You probably can’t imagine what it feels like to wake up not knowing that there is a world beyond the thick blackness of the blankets pulled up over your eyes.

And some days you’re excited. It’s the first day of a vacation trip. It’s Christmas morning.

You probably can’t imagine waking up five or six times that enthusiastic, without any reason at all.

Having bipolar disorder means that steady is as steady does. Because the feelings are almost random.

When blackness enfolds, I write down a list of tasks — even tasks as mundane as “wash the dishes” — and work through them. Otherwise nothing happens. At all.

daily-action-planner

When enthusiasm overwhelms, I have to choose to write down a list of tasks — especially tasks as mundane as “wash the dishes.” Because otherwise I’ll enthuse in 10 or 12 or 20 different directions, almost simultaneously. At the end of the burst, I’ll find myself surrounded by a clutter of unfinished projects and the clutter of an untended life.

I stay steady by trying to focus on what I need to do.
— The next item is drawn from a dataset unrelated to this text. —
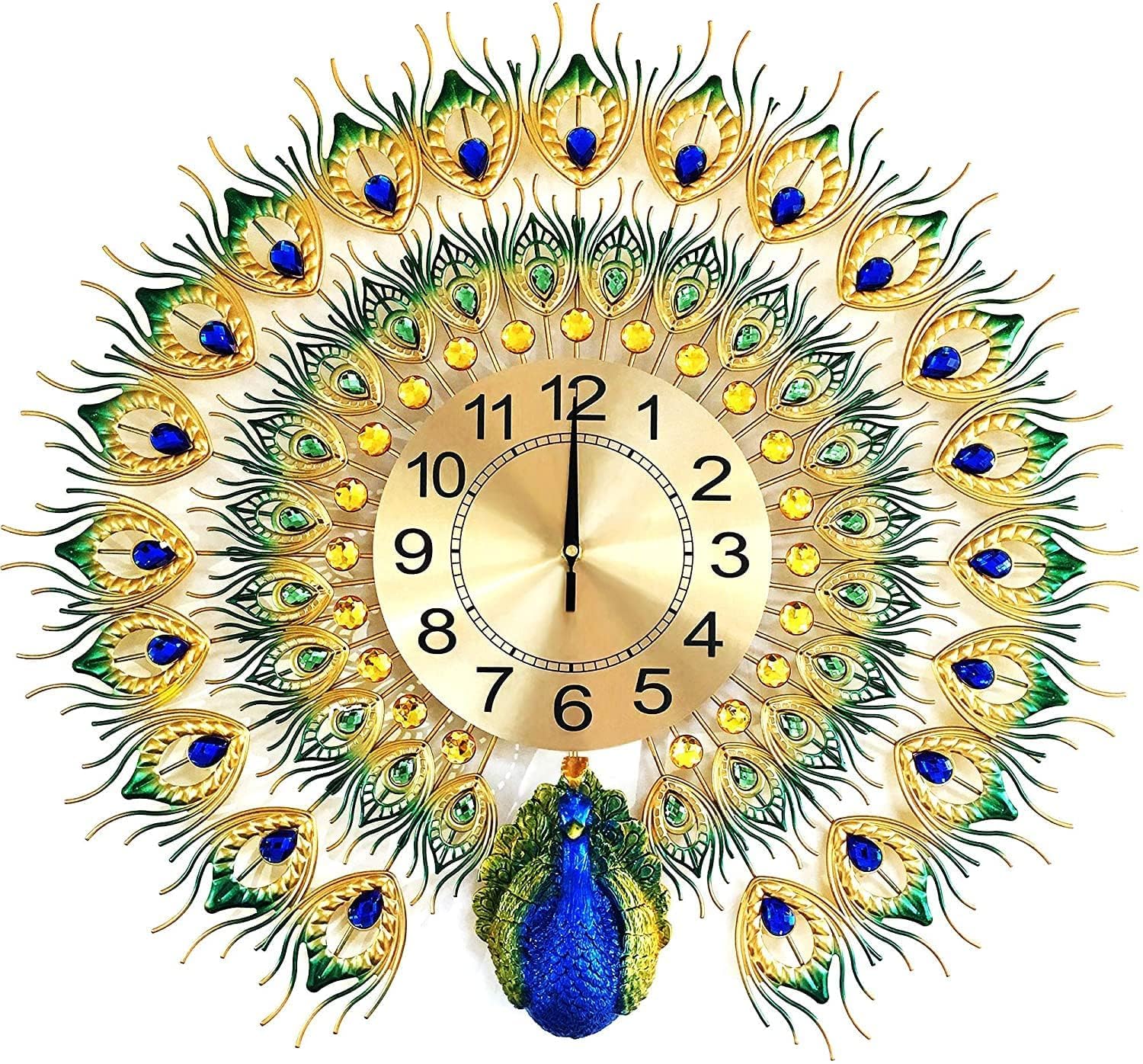 🦚UNIQUE PEACOCK DESIGN: Exquisite Bohemian Style Crystal Large Wall Clock, Made From Alloy And Artificial Diamond Perfect For Living Room And Bedroom.

And I stay steady by remembering that the way I feel today is not likely to be the way I feel in three or four weeks.

Female surfboarder
Not me!

I ride my feelings like surf: the enthusiasm powers forward movement; the blackness cannot be allowed to fuel anything bleaker than anticipation. Happily, God has promised a future that is extraordinarily bright, and allows that I live this life in the brilliance of God’s presence, even when God is invisible through the enfolding darkness.

Steady is as steady does. No one is more steady than God.